[Opening RECORDED INFORMATION section]
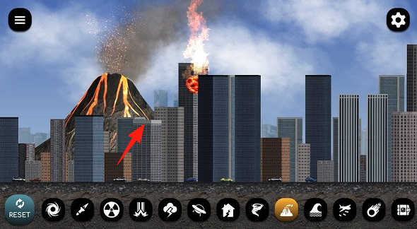 1、災(zāi)難模式選火山火焰等災(zāi)害,點擊釋放,摧毀指定建筑(箭頭高樓),看城市損毀效果。
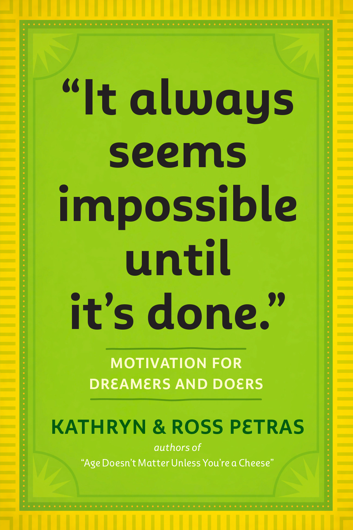 Kathryn and Ross Petras are masters at choosing and delivering just the right words. Their books—such as “Age Doesn’t Matter Unless You’re a Cheese” and “Dance First. Think Later.”—and bestselling calendar, The 365 Stupidest Things Ever Said, have over 5.2 million copies in print. Now comes a book for dreamers and doers, plus writers, entrepreneurs, graduates, artists, future movers and shakers. Collecting the hard-won, brilliantly expressed advice from pioneers who have paved the way, including everyone from Rumi to Steve Jobs, Michelangelo to Oprah to Tina Fey, “It Always Seems Impossible Until It’s Done” is like a rousing locker-room speech, inspiring courage, commitment, and perseverance.
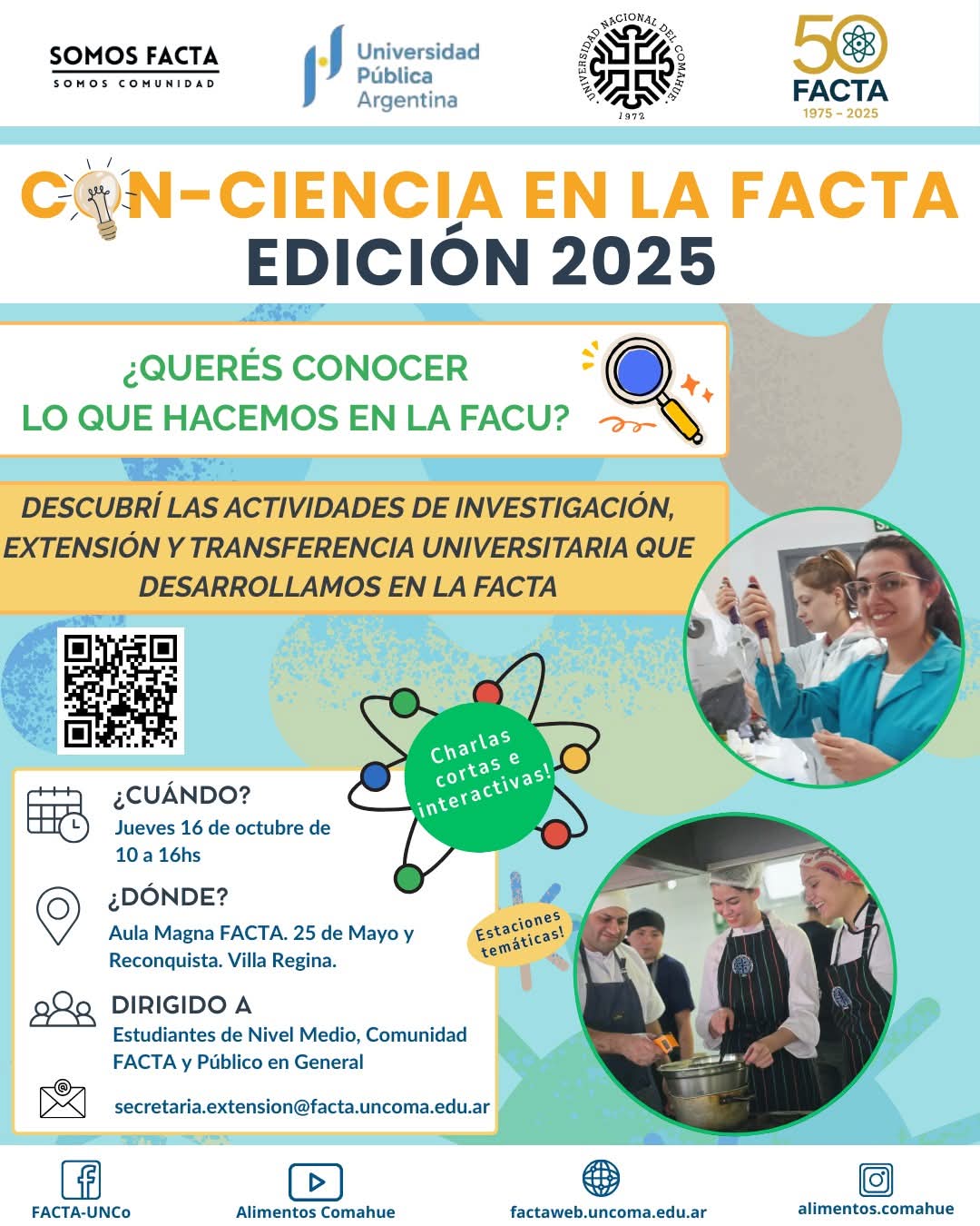 La actividad forma parte de una serie de iniciativas impulsadas por la FACTA para acercar la ciencia a la comunidad, promoviendo una alimentación consciente, sostenible y basada en evidencia. En palabras de sus organizadores, “la cocina es también un laboratorio, y cada alimento que elegimos tiene detrás una historia que merece ser contada y comprendida”.
[Closing RECORDED INFORMATION section]
> **WHAT THE TASK REQUIRES**
Everything in the material except the pictures should be output verbatim.

> **RESPONSE FOR THIS EXERCISE**
 1、災(zāi)難模式選火山火焰等災(zāi)害,點擊釋放,摧毀指定建筑(箭頭高樓),看城市損毀效果。
 Kathryn and Ross Petras are masters at choosing and delivering just the right words. Their books—such as “Age Doesn’t Matter Unless You’re a Cheese” and “Dance First. Think Later.”—and bestselling calendar, The 365 Stupidest Things Ever Said, have over 5.2 million copies in print. Now comes a book for dreamers and doers, plus writers, entrepreneurs, graduates, artists, future movers and shakers. Collecting the hard-won, brilliantly expressed advice from pioneers who have paved the way, including everyone from Rumi to Steve Jobs, Michelangelo to Oprah to Tina Fey, “It Always Seems Impossible Until It’s Done” is like a rousing locker-room speech, inspiring courage, commitment, and perseverance.
 La actividad forma parte de una serie de iniciativas impulsadas por la FACTA para acercar la ciencia a la comunidad, promoviendo una alimentación consciente, sostenible y basada en evidencia. En palabras de sus organizadores, “la cocina es también un laboratorio, y cada alimento que elegimos tiene detrás una historia que merece ser contada y comprendida”.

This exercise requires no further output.